Is it really difficult to “pinpoint a reason for the decline in SAT scores?” On the one hand, yes it is. In fact, it’s impossible to “pinpoint” some exact reason for the decline in (average) scores.

On the other hand, it isn’t even slightly hard to identify certain factors which have probably helped to lower average national scores. Doing so is the easiest task in the world. Everyone knows how to do it.

On the front page of last Thursday’s Post, Anderson skipped right past those obvious factors. Instead, he played a familiar game, misusing SAT scores as he did:

First, he assumed that the decline in average SAT scores means that high school seniors are doing less well in reading and math. From there, he proceeded to the only factor that entered his head as he tried to explain this decline. He assumed the decline must be related to efforts at “reform.”

Our view? In that passage, we’re looking at journalistic malpractice, of a familiar type.

In fact, the SAT is not designed to facilitate the type of year-to-year comparisons in which Anderson was engaging. The College Board makes no attempt to test representative samples of high school seniors. The tests are given to all who apply—and the demographics of the population taking the tests are changing every year.

Duh! These demographic changes affect average national scores in ways which everyone understands. Those changing demographics create a confounding statistical mess for those who want to use SAT scores in this ham-handed way.

How do demographic changes in the tested population create a statistical mess? Let us count the ways:

More kids taking the test: As the SAT notes in its basic materials, more students are taking the tests every year. Given the history of SAT testing, this tends to lower average national scores, although that won’t always be the case.

A changing racial and ethnic blend: Every year, more black and Hispanic students take the SATs. Given our nation’s brutal racial history—given some ongoing policy practices—this tends to lower average scores.

Everybody knows that, but there’s more! In some large urban districts (see below), all students are now required to take the SATs, whether they plan to go to college or not. This may be good educational practice, but it tends to lower national average scores.

The rise of the ACT: Over the course of the years in question, the ACT has supplanted the SAT as the nation’s predominant college admission test. Many students take both tests, but many students have switched from the SAT to the ACT.

This test-switching adds to the statistical chaos when we look at national average scores on these tests. By the way, average scores have not declined on the ACT, even as it has surged past the SAT as the nation’s predominant program.

Taking the SATs as a junior: A substantial number of students take the SATs as juniors.

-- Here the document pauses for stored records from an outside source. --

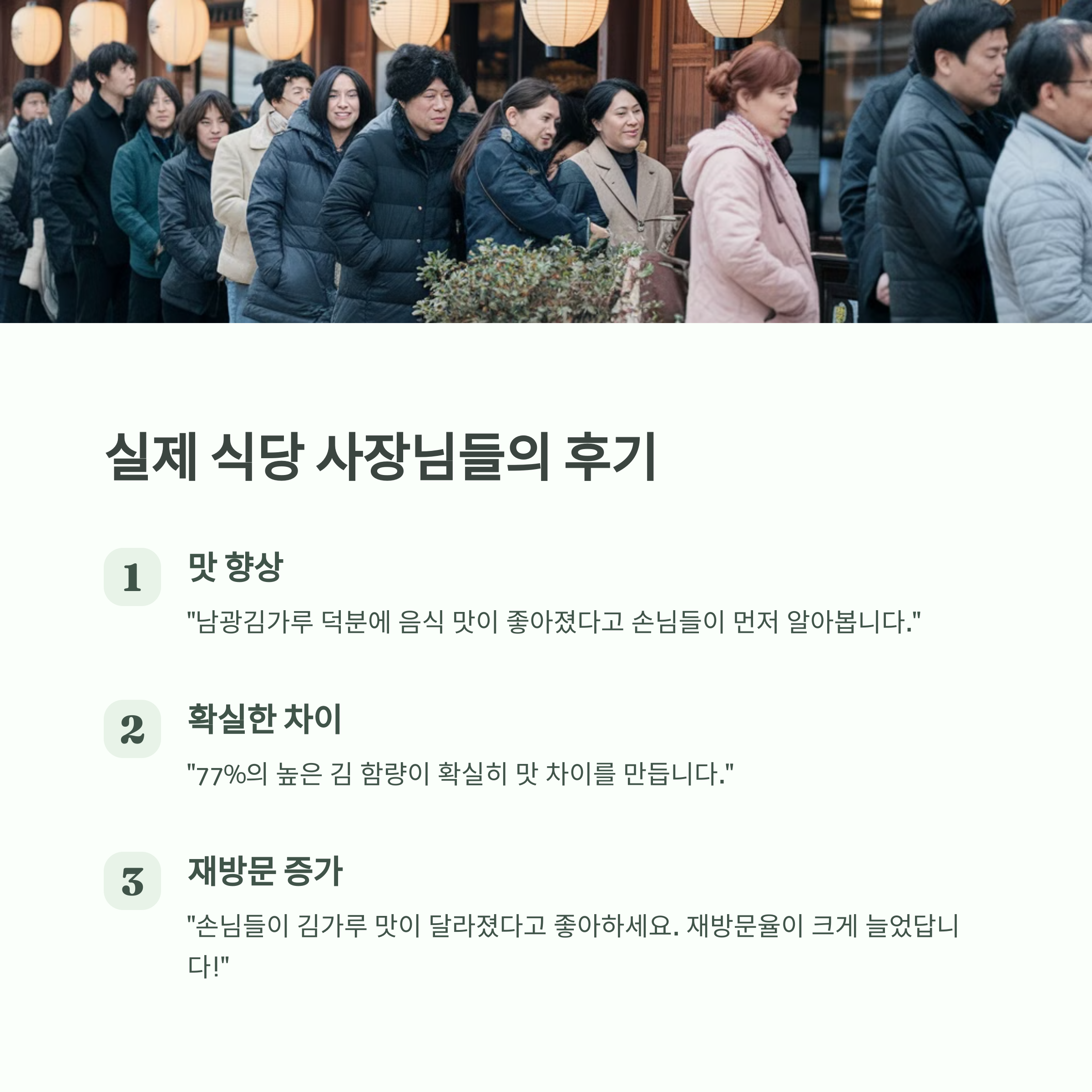 - “남광김가루 덕분에 음식 맛이 좋아졌다고 손님들이 먼저 알아봅니다. 재구매가 계속 늘어나고 있어요!”
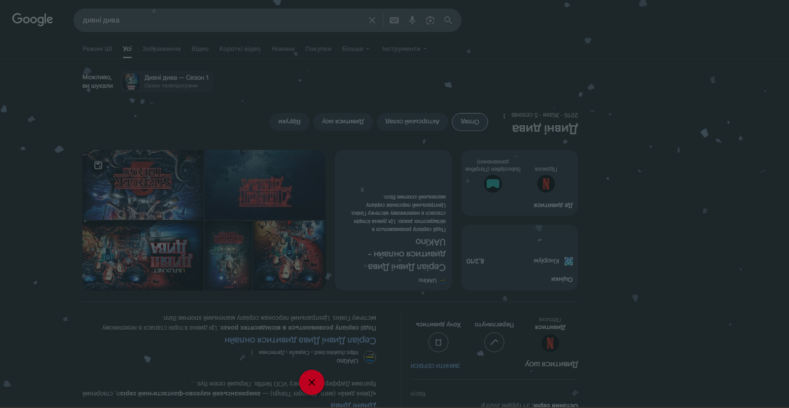 А Google, вже у звичному для себе форматі, до прем’єри додав великодку під час пошуку. Вводите «дивні дива» або stranger things, кидаєте кубик (d20) з Dungeons & Dragons — і отримуєте «виворіт» свого екрана з попелом. Щоправда, взаємодіяти у такому інтерфейсі не можна.
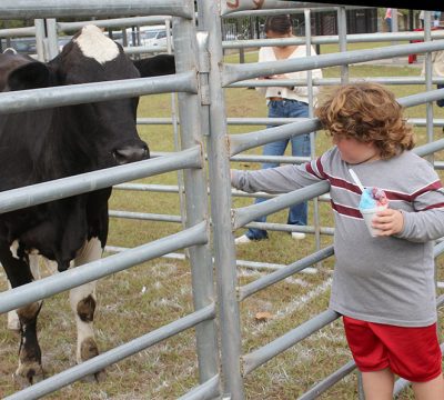 Nathan Bannon takes time from enjoying his snow cone to try to pet Bessie the cow. Photo by Cliff Smelley.

For whatever reason, the percentage has risen in recent years, to the current 35%. Presumably, this changing percentage adds to the difficulty in making valid year-to-year comparisons.

At this point, might we make the world’s most obvious statement? The SATs were not designed for year-to-year comparisons. In fact, the SATs weren’t designed to measure populations at all. The SATs were designed to measure individuals.

Full stop.

The SATs were not designed to measure populations! The College Board makes no attempt to test a representative sample of any population, whether it’s the entire national high school population or the entire national high school population of some particular group.

No representative samples are involved in this process at all! To understand how the changing demographics of the tested students can create a giant statistical mess, consider a recent news report in the Dallas Morning News.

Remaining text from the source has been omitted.